Although ghrelin is primarily synthesized in the stomach, recent research suggests that it may also mediate feeding behaviors via direct action on certain brain regions. Preclinical research has identified a ghrelin receptor, growth hormone secretagogue 1 receptor (GHSR), in the hypothalamus and VTA. Ghrelin has been linked to increased synapse formation and DA turnover in the NAcc (176). Administration of exogenous ghrelin in the VTA prompted feeding behavior, and GHSR antagonist administration reduced feeding subsequent to food deprivation (176). Direct administration of ghrelin into the VTA, but not into the NAcc, was reported to motivate behavior for sucrose reward in an operant conditioning paradigm in rats, suggesting that ghrelin signaling within the VTA contributes to incentive-motivated behavior for a food reward (177). Ghrelin administration–induced increases in motivation to eat are eliminated following pretreatment with a DA D1 receptor antagonist, suggesting that the orexigenic effects of ghrelin are mediated by DA signaling (175). Conversely, ghrelin-deficient mice display attenuated responses to chronic and acute cocaine administration, indicating that dopaminergic neurotransmission is disrupted by deletion of the ghrelin gene (178). Overall, these findings suggest that ghrelin may help to modulate the warding properties of food via interaction with DA neurons.

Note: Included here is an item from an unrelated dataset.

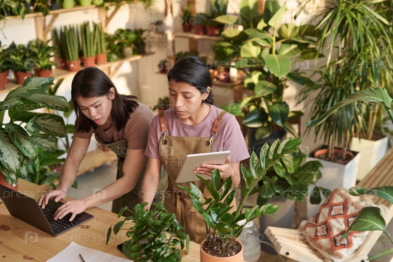 Женские продавцы растений занимаются электронной коммерцией на своем рабочем месте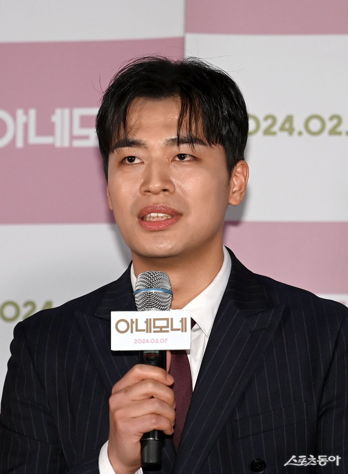 배우 박성진이 25일 서울 용산구 CGV용산아이파크몰점에서 열린 영화 ‘아네모네’ 시사회에서 취재진의 질문에 대답하고 있다.

The Nucleus Accumbens: Opioid and Endocannabinoid Encoding of Palatability

Research suggests that opioid receptors in the NAcc region of the ventral striatum may be particularly important for the encoding of food palatability. Preclinical research suggests that DA release in the NAcc modulates excitatory NAcc neuronal activity in response to previously learned reward-associated cues, thereby increasing the likelihood of cue responsiveness (e.g., performance of behaviors learned via operant conditioning) (179). Stimulation of NAcc opioid receptors has been found to increase food intake (180). Administration of opioid receptor antagonists, such as naloxone or naltrexone, extinguishes previously established preferences for sweetened versus unsweetened water in rats, whereas morphine has been demonstrated to enhance palatability and preference for sweet food (180,181). Importantly, such preclinical data demonstrate opioid involvement in the palatability—or reward value—encoding of food that does not appear to directly affect caloric intake. Rather, the opioid system may be involved in general reward processing, as opposed to specific appetitive control. These data nonetheless suggest shared neurobiologic mechanisms in eating and substance-use behaviors. Despite evidence implicating the opioid system in eating behaviors, pharmaceutical challenge studies of opioid receptor antagonists such as naltrex-one have yielded equivocal results in human populations, and further research is needed to establish appropriate pharmacotherapies for the treatment of BED.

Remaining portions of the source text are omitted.